Amastya 30 Sep 2025, 15:34
pasukan Myanmar di Nyaypidaw/ AFP
pasukan Myanmar di Nyaypidaw/ AFP

RIAU24.COM Militer Myanmar menghancurkan desa-desa, masjid, dan pemakaman di negara bagian Rakhine setelah pengusiran minoritas Muslim Rohingya pada tahun 2017 dan menggunakan tanah mereka untuk pos-pos keamanan, menurut laporan yang didukung PBB yang dirilis pada hari Senin.

Kekerasan terhadap Rohingya meningkat pada bulan Agustus 2017 ketika militer Myanmar melancarkan operasi melawan serangan militan dan mengusir ratusan ribu orang dari rumah mereka di negara bagian pesisir tersebut.

Sekitar 1,3 juta pengungsi Rohingya tinggal di kamp-kamp yang padat di Bangladesh sejak operasi militer yang kemudian disebut oleh PBB sebagai ‘contoh nyata pembersihan etnis.’

"Pihak berwenang Myanmar secara sistematis menghancurkan desa-desa, masjid, pemakaman, dan lahan pertanian Rohingya.

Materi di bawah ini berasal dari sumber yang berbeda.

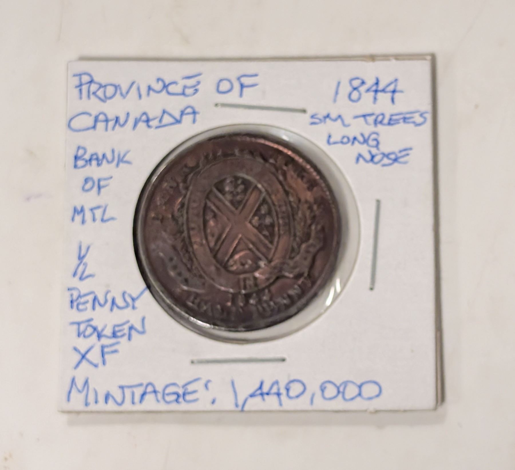 1844 PROV OF CANADA HALF PENNY SM TREES LONG NOSE

Mereka mengetahui hak dan penguasaan tanah Rohingya melalui catatan resmi," demikian bunyi laporan Mekanisme Investigasi Independen untuk Myanmar (IIMM), yang menyatakan bahwa laporan tersebut didasarkan pada keterangan langsung dari para saksi, citra geospasial, rekaman video, catatan resmi, dan dokumentasi.

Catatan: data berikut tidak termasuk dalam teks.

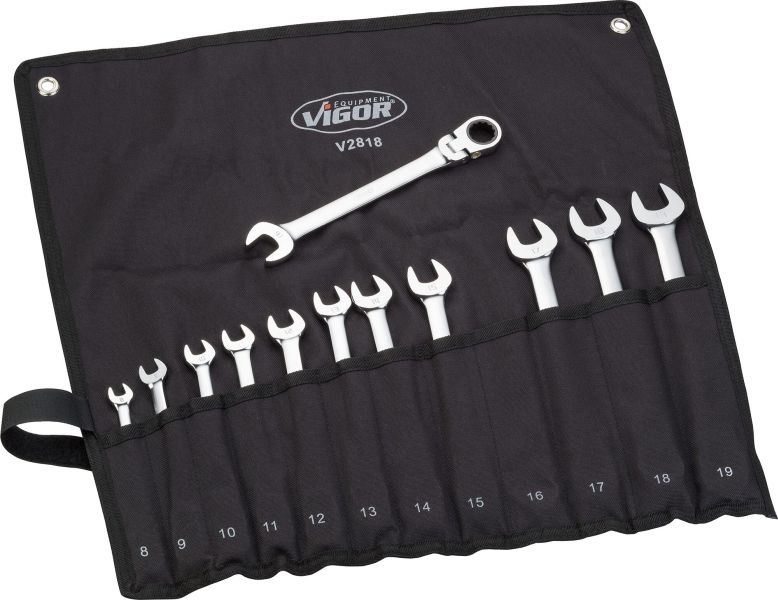 VIGOR Ratschen-Ringgabelschlüsselsatz Gelenk-Ratschen-Ring-Maulschlüssel Satz V2818

Militer Myanmar sebelumnya mengatakan pihaknya tidak melakukan genosida terhadap Rohingya dalam operasi tahun 2017, tetapi kejahatan mungkin telah dilakukan pada tingkat individu.

Laporan tersebut dirilis sehari sebelum pertemuan tingkat tinggi PBB di New York mengenai krisis Rohingya, kondisi di kamp-kamp pengungsi Bangladesh dan upaya repatriasi yang terhenti.

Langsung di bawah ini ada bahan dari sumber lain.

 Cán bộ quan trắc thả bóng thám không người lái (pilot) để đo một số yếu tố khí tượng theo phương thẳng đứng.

“Perusahaan swasta dan individu terkait berperan langsung dengan menyediakan mesin dan tenaga kerja untuk meratakan desa dan membangun infrastruktur berdasarkan kontrak negara,” kata laporan itu.

“Pangkalan tersebut dibangun tepat di atas sisa-sisa desa Inn Din (Timur dan Rakhine), dengan lahan kosong yang digantikan oleh jalan baru, bangunan permanen, kompleks berbenteng, dan dua helipad,” kata laporan itu.

Myanmar telah dilanda gejolak politik sejak militer melancarkan kudeta pada Februari 2021, menggulingkan pemerintahan sipil yang dipimpin oleh peraih Nobel Aung San Suu Kyi dan memicu perang saudara.

IIMM, yang dibentuk oleh Dewan Hak Asasi Manusia PBB pada tahun 2018 untuk menyelidiki kejahatan internasional serius yang dilakukan di Myanmar sejak 2011 guna memfasilitasi penuntutan, sedang bergulat dengan pemotongan dana, dan tim investigasinya tidak memiliki dana untuk melanjutkan pekerjaannya setelah akhir tahun.

Warga Rohingya kini menghadapi ancaman kekerasan dan pengungsian baru saat pertempuran berkecamuk di negara bagian Rakhine, dengan beberapa anggota komunitas minoritas mengangkat senjata.

“Ada kesepakatan luas di komunitas internasional bahwa Rohingya harus diizinkan kembali ke rumah setelah kondisi memungkinkan, tetapi dalam banyak kasus rumah dan desa mereka tidak ada lagi,” kata kepala IIMM Nicholas Koumjian.